До них донеслись звуки отпираемой двери и громкий голос Карлы, поднимающейся по ступенькам и наконец достигшей теперь уже пустой комнаты.
– Вот, пожалуйста, – услышали они ее голос. – Я же говорила, что ее здесь нет. Наверно, это я забыла погасить свет, когда убиралась.
От страха, что их сейчас обнаружат, Джеймс и София еще крепче прижались друг к другу, поддерживая спинами два футляра, стоящие на последних ступеньках лестницы. Неужели где-то съехала маскировочная ткань? Неужели ее не закрепили как следует? Поэтому немцы заметили свет? Сердце Джеймса билось с такой же бешеной скоростью, как и у Софии, и она это чувствовала. Одной рукой он обнял ее, и она прильнула к нему еще крепче.
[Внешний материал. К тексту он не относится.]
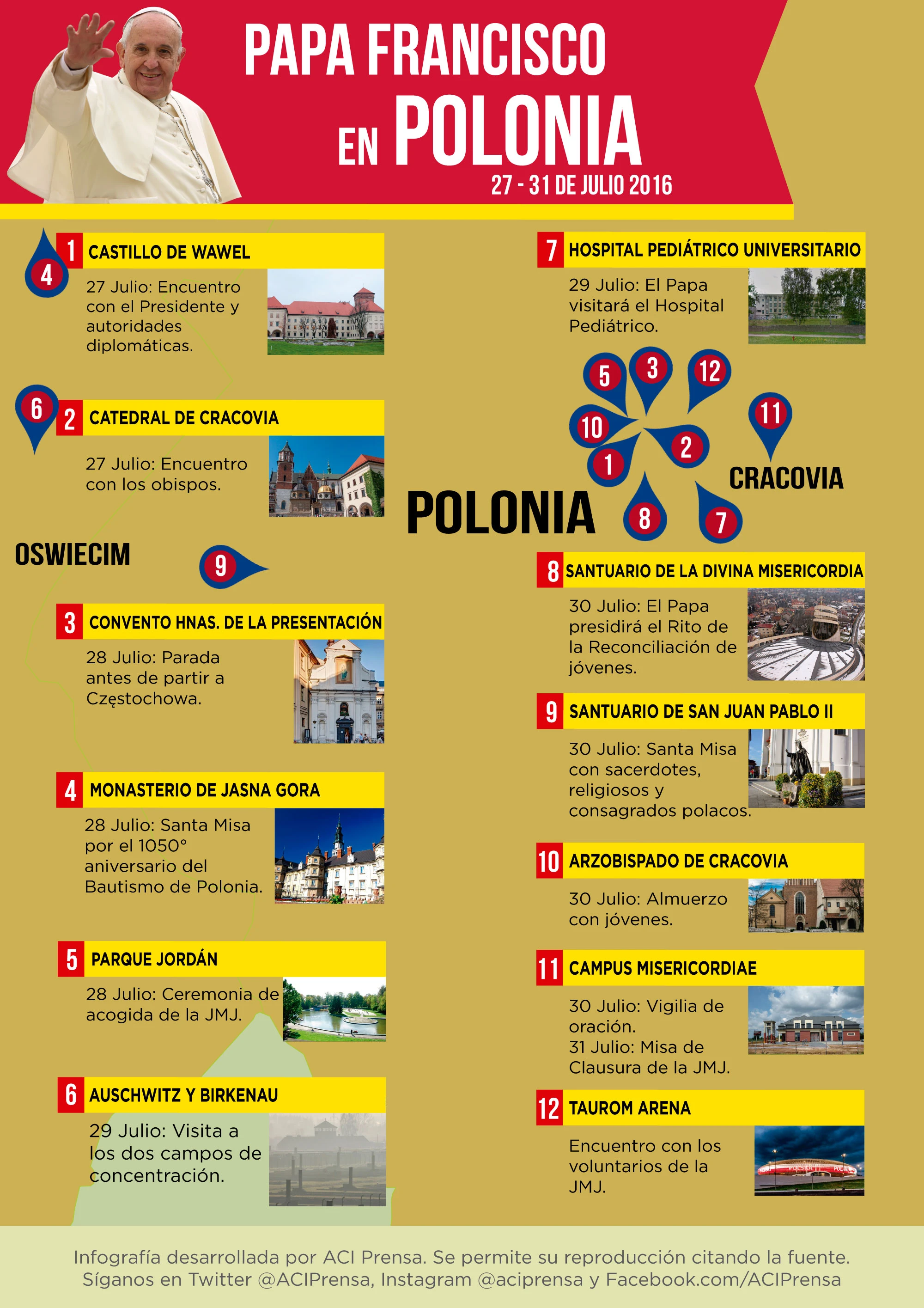 [INFOGRAFIA] Estos son los lugares que el Papa Francisco visitará en Polonia Cracovia, 15 Jul. 16 (ACI).- Estos los lugares donde se realizarán los eventos durante la visita del Papa Francisco a Polonia del 27 al 31 de julio. El Evangelio del día 10:48 a.m. Compartir a: Twitter Facebook URL Imprimir Correo Electrónico Etiquetas: ACI Prensa

Они услышали чье-то бормотание, а потом и отчетливые слова:
– А куда ведет эта дыра?
Кауфман! Сердце Софии болезненно сжалось, она пришла в ужас при мысли, что тот решится подняться вслед за ними. В голове, как молния, сверкнула мысль, что у нее не хватит выдержки и все растущий страх вырвется наружу хотя бы стоном. Она крепко сжала губы. Джеймс крепко прижимал ее к себе, чтобы она даже не пошевелилась, а рот зажал ей ладонью.
– На крышу, – услышали они ответ Карлы. – Но дверь наверху всегда закрыта на замок, а ключа у меня нет. Туда никто не ходит, бомбежки боятся.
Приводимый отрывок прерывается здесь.